Il cambiamento climatico mette a rischio la salute degli ulivi e, di conseguenza, la produzione di olio. Si stima una riduzione di 100mila tonnellate rispetto allo scorso anno
Ambiente22 Settembre 2023 - ore 07:08 - Redatto da Redazione Meteo.it
Ambiente22 Settembre 2023 - ore 07:08 - Redatto da Redazione Meteo.it

A causa delle conseguenze del cambiamento climatico, quest’anno si rischia di registrare una grossa riduzione del numero di olive, non solo in Italia ma in tutta Europa. È ancora presto per giungere a conclusioni, ma le previsioni sono tutt’altro che rassicuranti: si stima una diminuzione di oltre il 30% rispetto alla media degli ultimi 5 anni.

La crisi degli ulivi

L’autunno è la stagione della raccolta delle olive e della conseguente produzione di olio. Proprio in queste settimane ci si sta rendendo conto, come raccontano gli addetti ai lavori, che i timori di non potere disporre del solito quantitativo di frutti prodotti dagli ulivi stanno diventando realtà.
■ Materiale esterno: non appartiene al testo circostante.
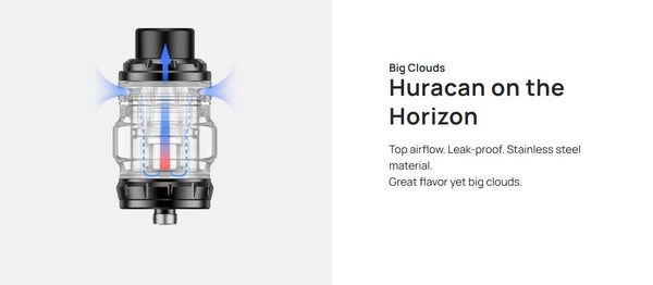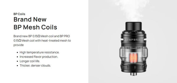 the Huracan tank with 6ml juice capacity and easy top refills. In the package, you will find a 0.15ohm BP mesh coil that fires from 80 to 100 watts and a 0.3ohm BP Mesh Coil that operates between 30 and 40 watts. If those don’t satisfy your puff style, there are 2 optional coils as well.

La causa è da ricercare nelle conseguenze del cambiamento climatico: le ondate di grande caldo, la siccità e i fenomeni meteorologici estremi stanno infatti condizionando l’intero settore agricolo. A farne le spese sono soprattutto le piante più fragili, come gli ulivi.

Quest’estate le temperature sono state particolarmente elevate soprattutto in Spagna, il maggior fornitore mondiale di olio d’oliva. La carenza di acqua ha compromesso la salute delle piante e la conseguente produzione di olive.

Non va molto meglio in Italia, dove (seppure con qualche differenza regionale) le condizioni ambientali sono sempre meno adatte alla salute di queste piante. Complica ulteriormente la situazione l’aumento degli insetti che attaccano gli oliveti, minacciando la loro salute e la capacità produttiva.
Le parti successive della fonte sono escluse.